L’altro eccessivo di Gianfranco Dalmasso
Brano tratto dal volume Invenzioni dell’altro di J. Derrida, Jaca Book, Milano (postfazione).
(…) Il “soggetto decostruente”, secondo questo movimento di pensiero è perciò spiazzato, dislocato originariamente: introvabile. Il soggetto decostruente è introvabile perché è introvabile un punto di vista che regga, che sia, per così dire, “fondato”: il soggetto decostruente è introvabile perchè decostruito dal suo stesso decostruire.

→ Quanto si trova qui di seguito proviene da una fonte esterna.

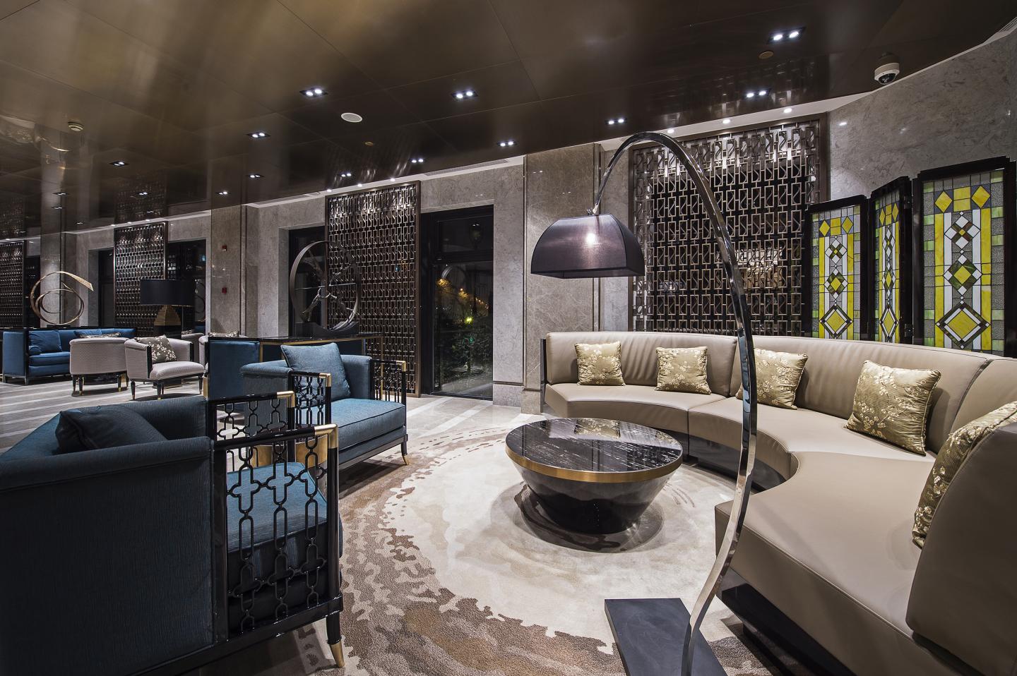 Although the negotiation area is concise, there are still some glimpses of the graceful and gorgeous flavor. These three sets of negotiation tables and chairs are specially made of high-grade fabrics and leather materials, with partial metal decoration. This uniquely warm and comfortable feel of leather adds a sense of intimacy. In addition, the customized furniture and lamps with polished patterns and metal decoration look modern and gorgeous. Between each group is placed a sofa back a few, back a few on the iron sculpture is also carefully selected. These walls and façade are made of natural marble with partial wood veneer and Chinese decorative patterns. The overall space is made of marble, iron, leather, silver foil, and stainless steel, emphasizing the simple texture and clean and sharp layout. It perfectly expresses the exquisite dignity and luxury of ART DECO.

Non si tratta, io credo, di un’affermazione “nichilista”, se per nichilismo si intende una concezione della realtà che non è in grado di scommettere sulla ragione. Si tratta invece di una certezza diversa da quella che deriva da una concezione del mondo: si tratta di una certezza strana, in-trovabile. L’etimo di invenzione soccorre anche se, per certi aspetti, complica la questione: da una parte il latino invenire significa gtrovare, scoprire, rendersi conto, entrare in contatto con ciò che in qualche modo manca h e, dall’altra, esso significa ginventare, creare, suscitare h. Inventions de l’autre è, più che un sottotitolo, l’essenziale seconda parte di
Psyché. Che il soggetto, il soggetto tout-court, a meno che per soggetto non si intenda l’ypokeimenon aristotelico oppure il soggetto cartesiano (il che renderebbe il discorso che si sta facendo ancora più rigoroso ma più lungo come articolazione e come percorso) sia introvabile significa che esso non può essere né trovato né inventato. Il soggetto della modernità e della postmodernità, dunque il soggetto decostruente, interpretante forse potremmo azzardare, operando una sorta di cortocircuito, implicato dalla struttura di questa argomentazione, sembra organizzarsi attorno ad un elemento, a una x, che non si può trovare e che non si può inventare: un non proprio, un non mio, a tutto campo, sembra erodere il suo terreno e la sua possibile retrovia, il suo possibile retro-fondo. Invenzioni dell’altro. Non io e l’altro, ma io come altro. La strategia e lo stile di pensiero derridiani sono differenti. E’ dall’altro, altro imprendibile, originariamente impossedibile, non speculare, ma effetto di un non proprio abissale che può derivare l’inventare e il trovare. Il punto di vista “introvabile” allora sembra derivare dall’altro così intenso. Tra i due punti introvabili si gioca, scatta, diventa frequentabile la questione dell’io. Dell’io moderno e/o dell’io antico, dell’ anima: psyché (...).